**EXERCISE INSTRUCTIONS**
Write out the line with "and bench space." and every later line through the end of the data below, exactly as given, with no pictures in the copy.

Segment Start: INPUT

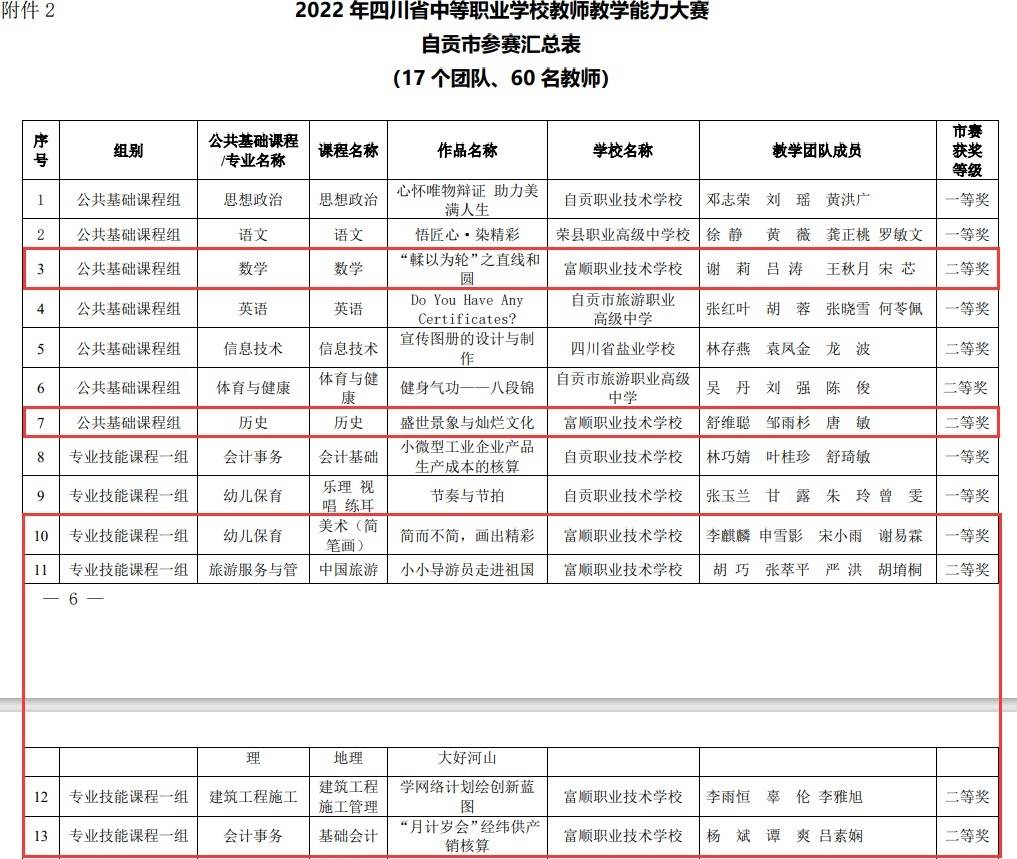 4月29日,2022年自贡市中等职业学校教师教学能力大赛决赛结果公布,富顺职业技术学校获一等奖 1 项、二等奖 7 项、三等奖 6 项,6 个教学团队入围省赛,获奖数量、入围省赛数量均列全市第一。
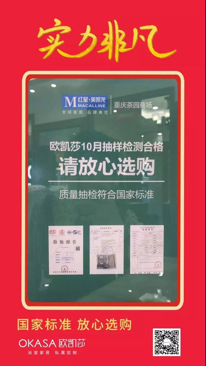 在紅星美凱龍品質抽檢活動中,歐凱莎浴室柜順利通過檢驗,品質符合并超過國家標準。歐凱莎所有木材均來自國外進口,油漆采用臺灣大寶環(huán)保油漆,對人體無危害。
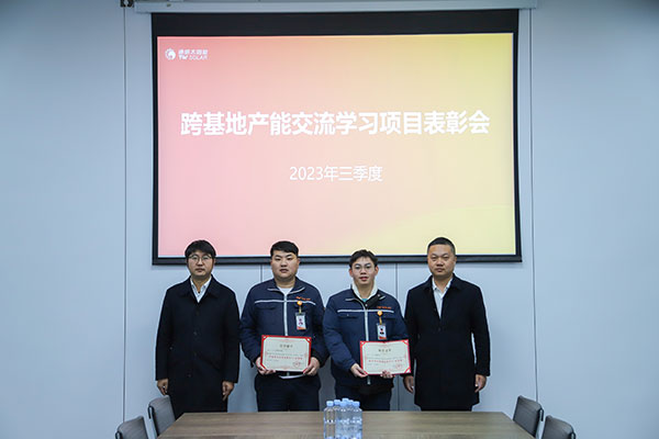 通過此次跨基地產能交流學習活動,充分調動了員工的提產優化積極性,促使個人不斷學習進步從而提升團隊能力水平及核心競爭力;每個基地在交流學習過程中攜手并進,優勢互補,共同促進通威太陽能的全面發展。
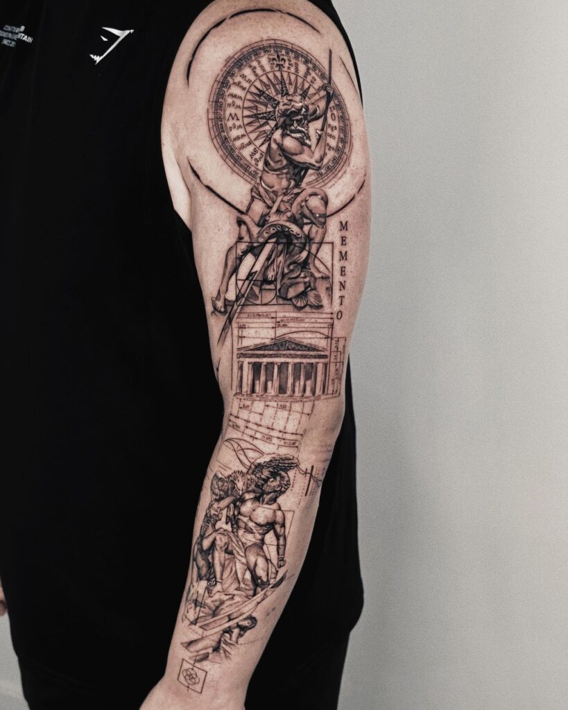 This elaborate sleeve combines Roman architectural elements, heroic figures, and the phrase “Memento,” meaning “remember.” A muscular warrior figure embodies strength and sacrifice, while the backdrop of Roman structures ties the tattoo to the grandeur of the empire.
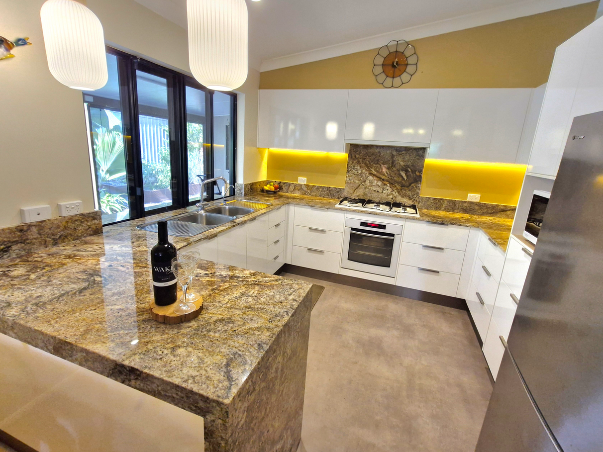 *Practical Kitchen design with full bench-height windows and garden view, deep double bowl sink with double draining board, soft-close white gloss cabinetry, Brazilian granite countertops with waterfall edge, 5-burner gas cooktop, pyrolytic oven, a servery to patio with granite shelf, and plenty of storage and bench space.
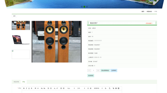 闲置商品:在闲置商品页面的输入栏中输入商品名称、价格进行查询,可以查看到闲置物品详细信息,并进行添加到购物车、立即购买、在线咨询、评论或收藏运行;闲置商品页面如图5-3所示:
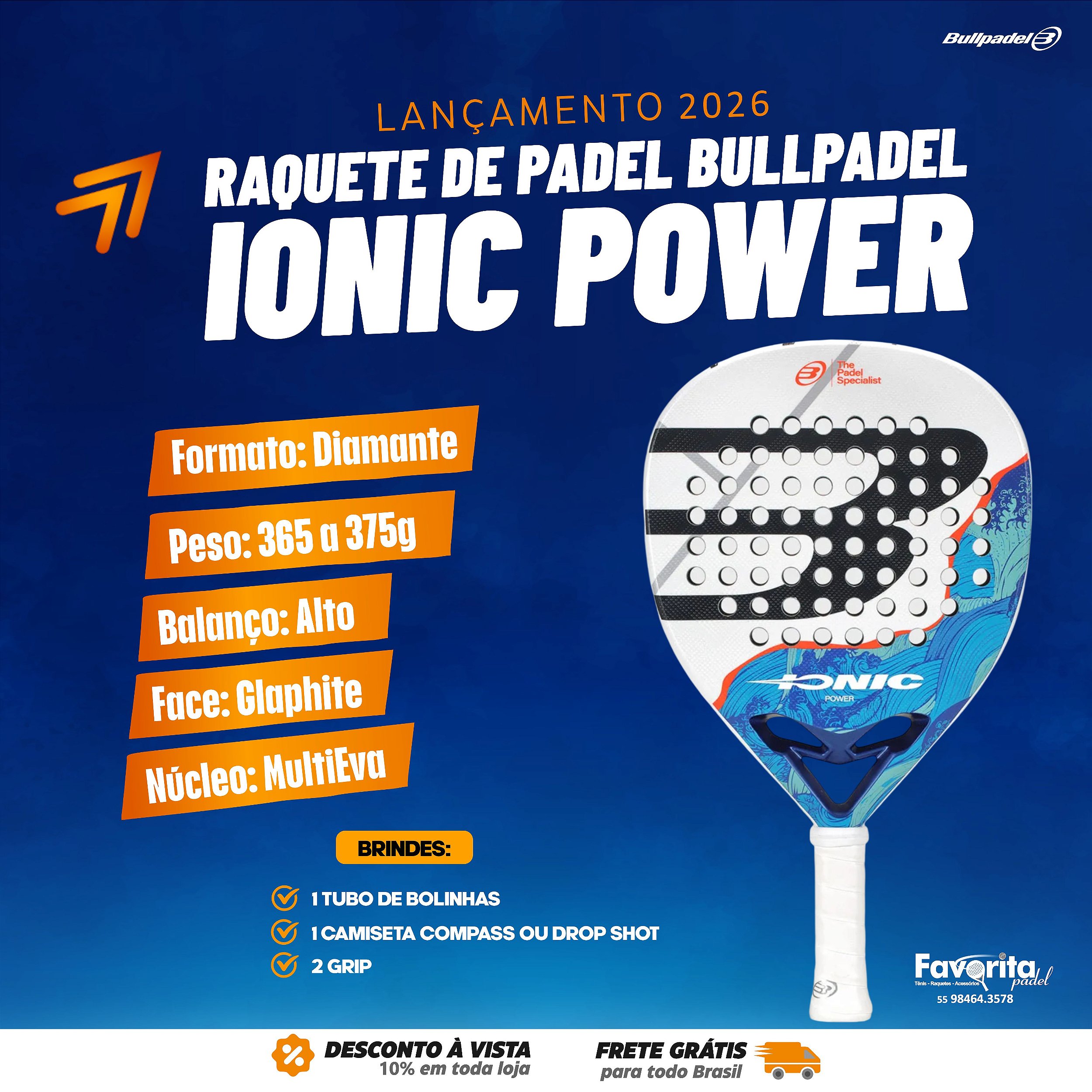 A Raquete Bullpadel Ionic Power 26 foi desenvolvida para jogadores intermediários que buscam aumentar a potência do jogo sem perder manejabilidade. Com perfil ofensivo, este modelo combina formato em diamante, balanço alto e materiais que favorecem golpes de ataque mais agressivos e eficientes em quadra.
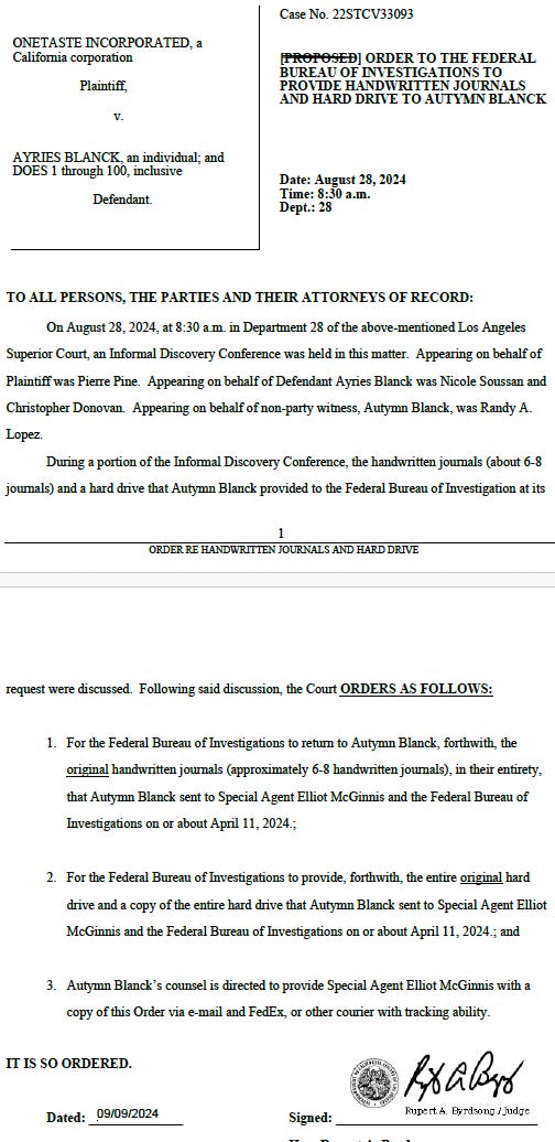 Last fall, Los Angeles County Superior Court Judge Rupert Byrdsong ordered the FBI to return the original journals to Blanck to ensure the company’s lawyers can access them for the civil litigation.
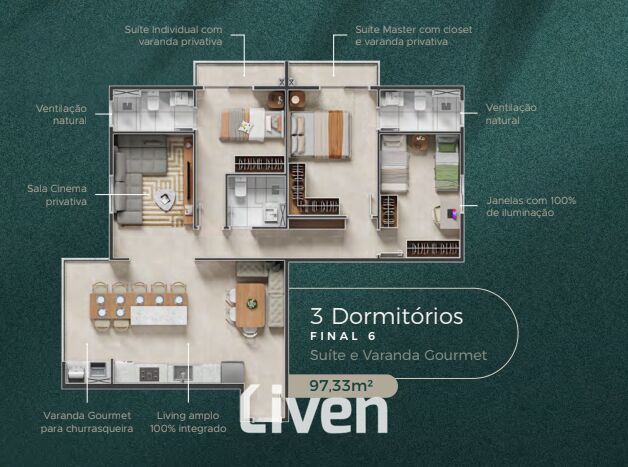 Área Privativa97,33m²

Segment End: INPUT

**ANSWER SECTION**
 *Practical Kitchen design with full bench-height windows and garden view, deep double bowl sink with double draining board, soft-close white gloss cabinetry, Brazilian granite countertops with waterfall edge, 5-burner gas cooktop, pyrolytic oven, a servery to patio with granite shelf, and plenty of storage and bench space.
 闲置商品:在闲置商品页面的输入栏中输入商品名称、价格进行查询,可以查看到闲置物品详细信息,并进行添加到购物车、立即购买、在线咨询、评论或收藏运行;闲置商品页面如图5-3所示:
 A Raquete Bullpadel Ionic Power 26 foi desenvolvida para jogadores intermediários que buscam aumentar a potência do jogo sem perder manejabilidade. Com perfil ofensivo, este modelo combina formato em diamante, balanço alto e materiais que favorecem golpes de ataque mais agressivos e eficientes em quadra.
 Last fall, Los Angeles County Superior Court Judge Rupert Byrdsong ordered the FBI to return the original journals to Blanck to ensure the company’s lawyers can access them for the civil litigation.
 Área Privativa97,33m²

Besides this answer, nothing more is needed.